- _How to complete this task_
Line by line, print the records exactly as they are, dropping the pictures.

- _Records for the exercise_
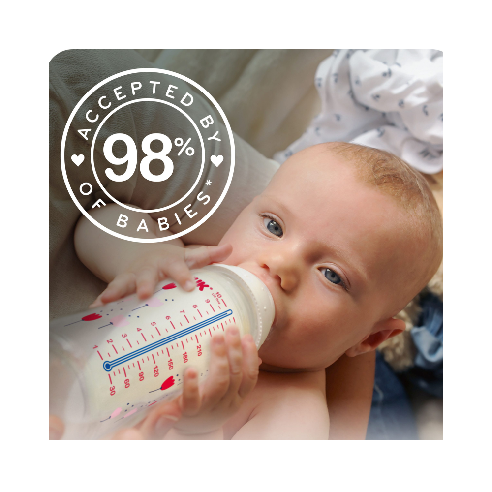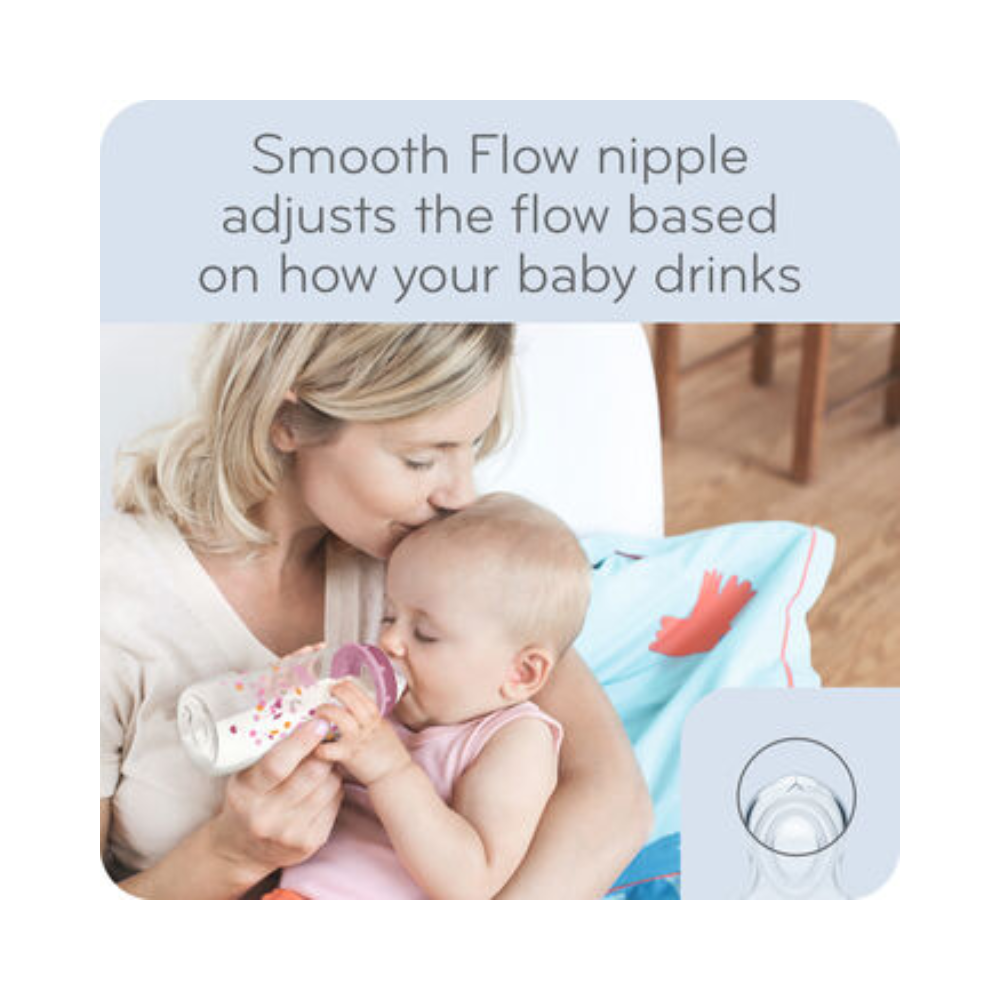 - La tetina NUK® Flujo Suave permite al bebé controlar el flujo.
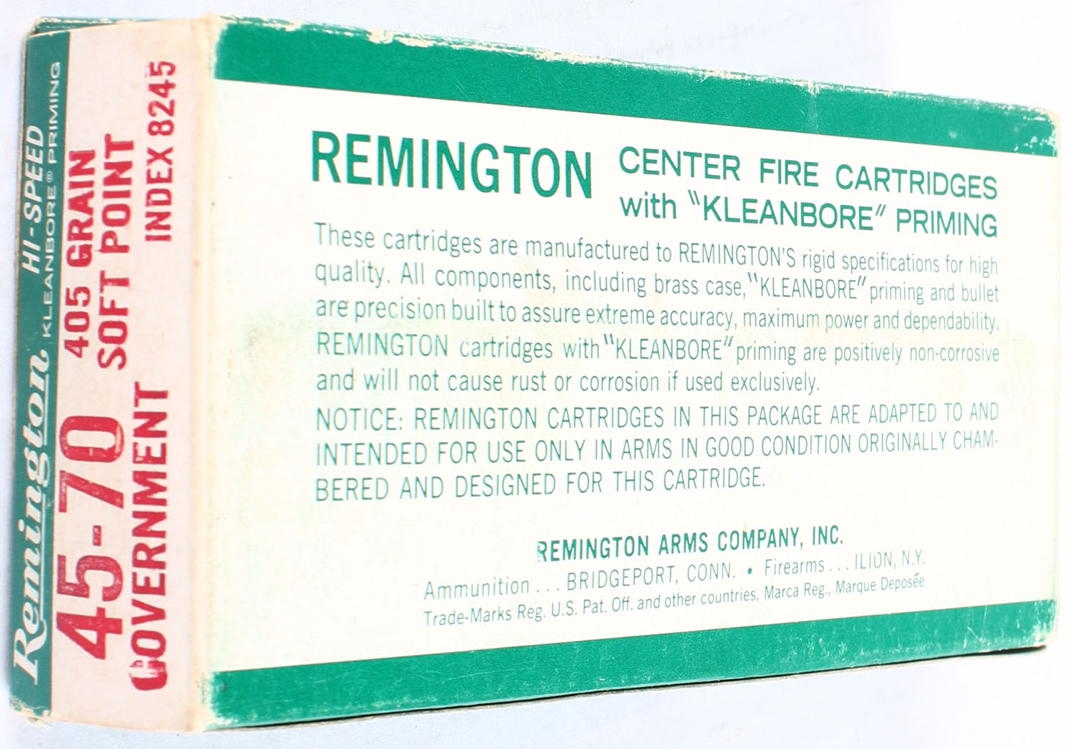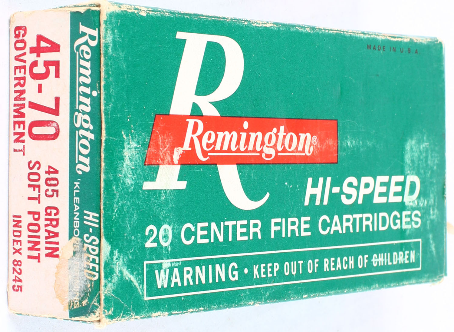 Remington, Hi-Speed, .45-70 Government, 405 Grain Soft Point, Full, 1pc. Green white & red box, box is solid with excellent color, very minor age soiling, has corner & edge wear, end flaps are solid, ammo is excellent. Grade: Very Good ++ - Value: 20 to 60
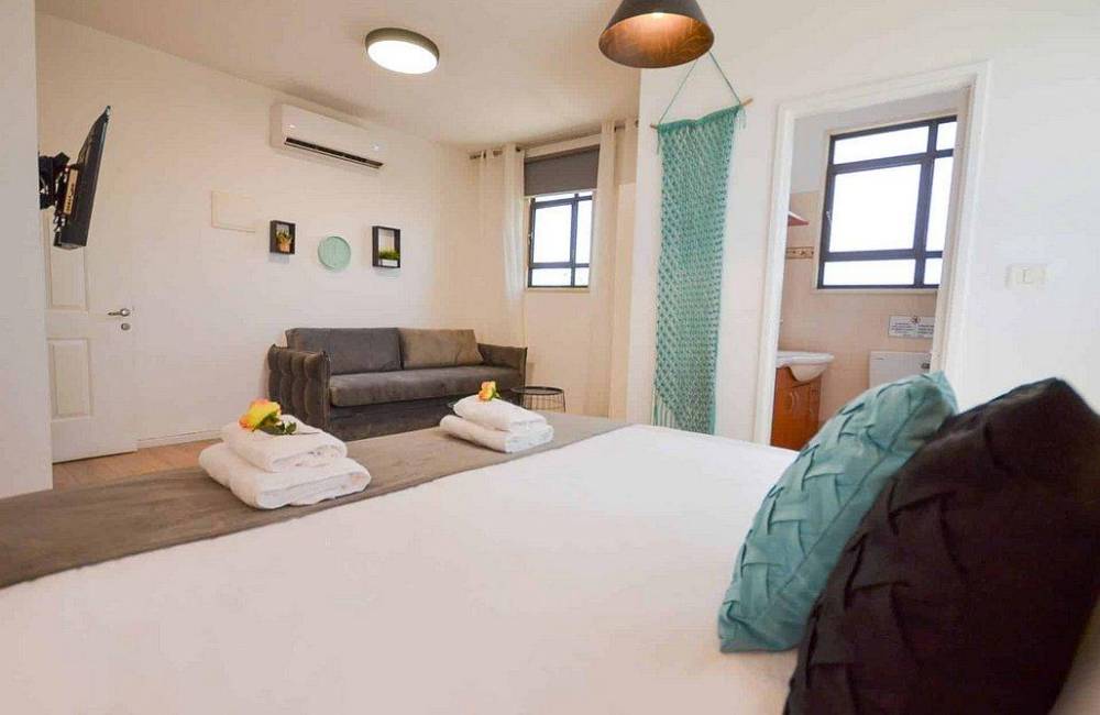 חדר שינה 3: מיטה זוגית, ספה נפתחת, מזגן, מסך צפייה שידה
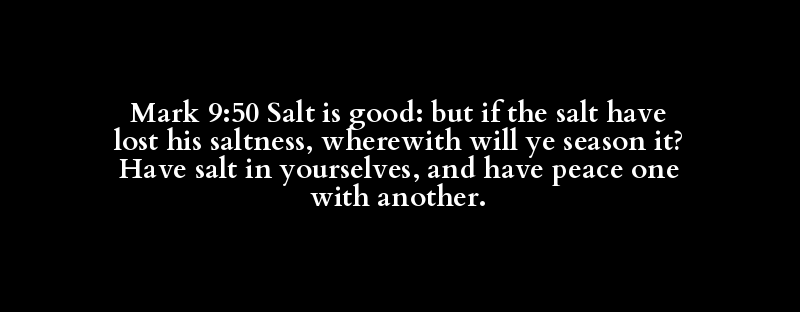Mark 9:50 Salt is good: but if the salt have lost his saltness, wherewith will ye season it? Have salt in yourselves, and have peace one with another.
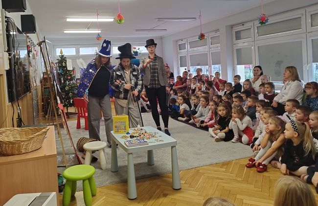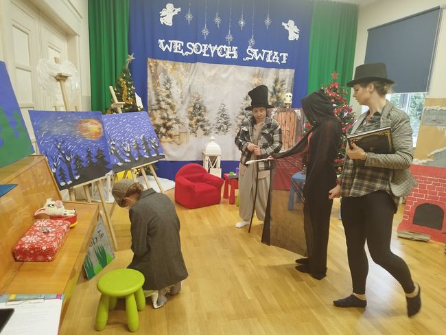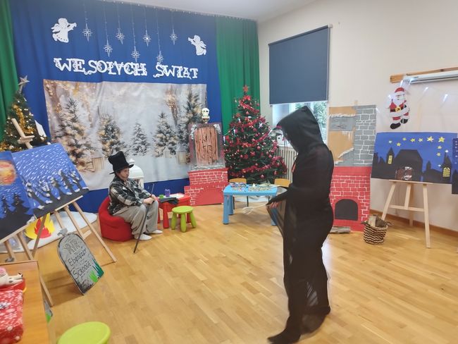 Wieczór wigilijny tuż, tuż…, wszyscy się odwiedzają i radują. Tak też było w dniu 17 grudnia 2025r., kiedy pracownicy naszej biblioteki wspólnie z młodzieżą i wychowawcami z Placówki Opiekuńczo Wychowawczej w Korfantowie odwiedzili Przedszkole nr 1 i nr 8 w Nysie. W czasie spotkania grupa młodzieży zaprezentowała dzieciom przedstawienie na motywach utworu K. Dicensa pt. ”Opowieść wigilijna”. Spektakl wprowadził przedszkolaki w niezwykły klimat Świąt Bożego Narodzenia, ucząc empatii, dobra i wdzięczności. Ważny przekaz przedstawienia dla uczestników spotkań to: „pamiętajmy, aby dźwięk monet nigdy, nie zagłuszył głosu serca”.
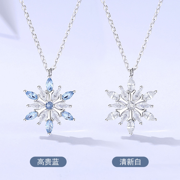 蓝色水晶雪花纯银项链女吊坠高级感轻奢小众送女朋友生日礼物配饰
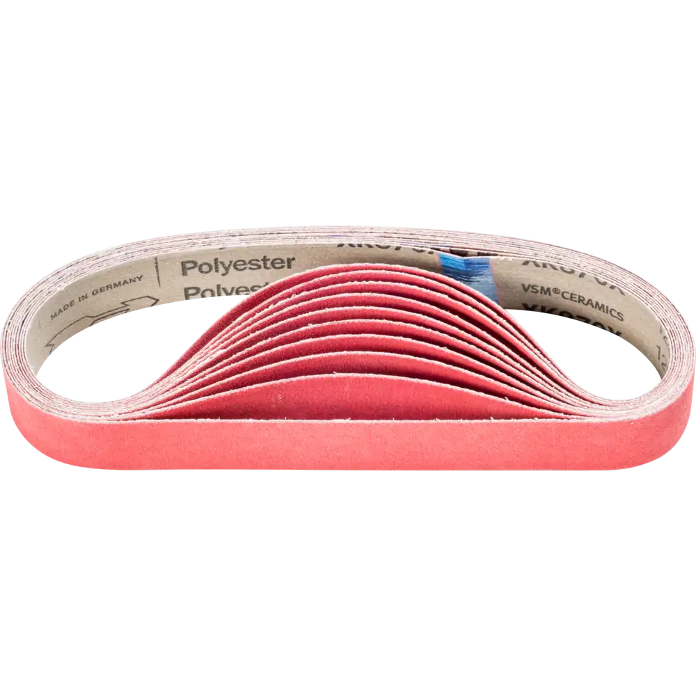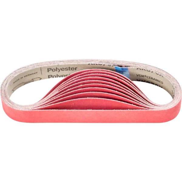 Für aggressives Schleifen mit höchster Zerspanungsleistung an harten, schlecht wärmeleitenden Werkstoffen. Konstante Höchstleistung durch sich selbst schärfendes Keramikkorn. Schleifaktive Zusätze im Belag erzielen eine deutlich höhere Abtragsleistung, verhindern das Zusetzen und bewirken einen kühleren Schliff. Kurzbänder sind auf die am Markt gängigen Bandschleifmaschinen abgestimmt. Sie werden in ISO 2976 unter der Bezeichnung „Schleifbänder“ geführt.
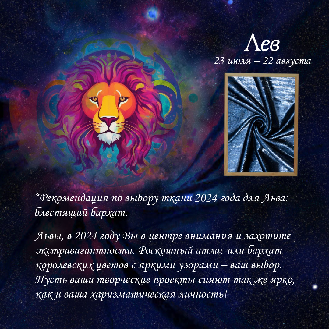 Рекомендация по выбору ткани 2024 года для Льва: блестящий бархат.
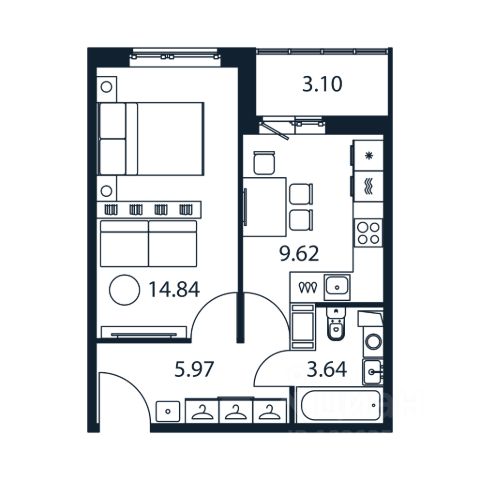 В продаже распашная 2-евро квартира с большой кухней-гостиной в ЖК комфорт-класса "ID Murino II".
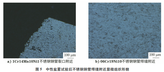 从上述两件经过中性盐雾试验的1Cr14Mn10Ni1和06Cr19Ni10不锈钢钢管焊缝附近取样,用王水腐蚀后,将其置于光学显微镜下观察,结果如图5所示。由图5可知:1Cr14Mn10Ni1不锈钢钢管裂口附近出现沿着晶界的黑色腐蚀产物,06Cr19Ni10不锈钢钢管焊缝附近未出现沿着晶界的黑色腐蚀产物。
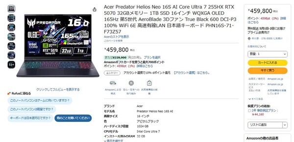 Amazon.co.jpにて、Acerの16型ゲーミングノートPC「Predator Helios Neo 16S AI」が販売中だ。価格は45万9800円。
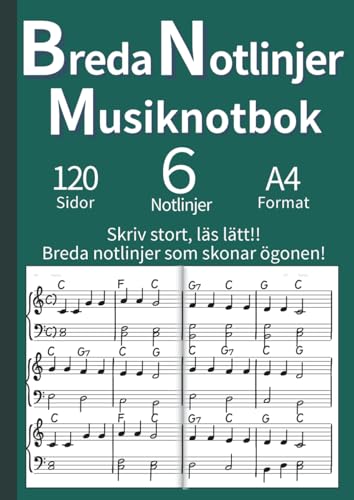 Breda Notlinjer Musiknotbok: Kontinuerliga Notlinjer över Dubbelsidan | Idealisk för Barn, Nybörjare & Seniorer | För Pianolektioner och Komposition | A4 (Grön)

- _Result for this task_
 - La tetina NUK® Flujo Suave permite al bebé controlar el flujo.
 Remington, Hi-Speed, .45-70 Government, 405 Grain Soft Point, Full, 1pc. Green white & red box, box is solid with excellent color, very minor age soiling, has corner & edge wear, end flaps are solid, ammo is excellent. Grade: Very Good ++ - Value: 20 to 60
 חדר שינה 3: מיטה זוגית, ספה נפתחת, מזגן, מסך צפייה שידה
Mark 9:50 Salt is good: but if the salt have lost his saltness, wherewith will ye season it? Have salt in yourselves, and have peace one with another.
 Wieczór wigilijny tuż, tuż…, wszyscy się odwiedzają i radują. Tak też było w dniu 17 grudnia 2025r., kiedy pracownicy naszej biblioteki wspólnie z młodzieżą i wychowawcami z Placówki Opiekuńczo Wychowawczej w Korfantowie odwiedzili Przedszkole nr 1 i nr 8 w Nysie. W czasie spotkania grupa młodzieży zaprezentowała dzieciom przedstawienie na motywach utworu K. Dicensa pt. ”Opowieść wigilijna”. Spektakl wprowadził przedszkolaki w niezwykły klimat Świąt Bożego Narodzenia, ucząc empatii, dobra i wdzięczności. Ważny przekaz przedstawienia dla uczestników spotkań to: „pamiętajmy, aby dźwięk monet nigdy, nie zagłuszył głosu serca”.
 蓝色水晶雪花纯银项链女吊坠高级感轻奢小众送女朋友生日礼物配饰
 Für aggressives Schleifen mit höchster Zerspanungsleistung an harten, schlecht wärmeleitenden Werkstoffen. Konstante Höchstleistung durch sich selbst schärfendes Keramikkorn. Schleifaktive Zusätze im Belag erzielen eine deutlich höhere Abtragsleistung, verhindern das Zusetzen und bewirken einen kühleren Schliff. Kurzbänder sind auf die am Markt gängigen Bandschleifmaschinen abgestimmt. Sie werden in ISO 2976 unter der Bezeichnung „Schleifbänder“ geführt.
 Рекомендация по выбору ткани 2024 года для Льва: блестящий бархат.
 В продаже распашная 2-евро квартира с большой кухней-гостиной в ЖК комфорт-класса "ID Murino II".
 从上述两件经过中性盐雾试验的1Cr14Mn10Ni1和06Cr19Ni10不锈钢钢管焊缝附近取样,用王水腐蚀后,将其置于光学显微镜下观察,结果如图5所示。由图5可知:1Cr14Mn10Ni1不锈钢钢管裂口附近出现沿着晶界的黑色腐蚀产物,06Cr19Ni10不锈钢钢管焊缝附近未出现沿着晶界的黑色腐蚀产物。
 Amazon.co.jpにて、Acerの16型ゲーミングノートPC「Predator Helios Neo 16S AI」が販売中だ。価格は45万9800円。
 Breda Notlinjer Musiknotbok: Kontinuerliga Notlinjer över Dubbelsidan | Idealisk för Barn, Nybörjare & Seniorer | För Pianolektioner och Komposition | A4 (Grön)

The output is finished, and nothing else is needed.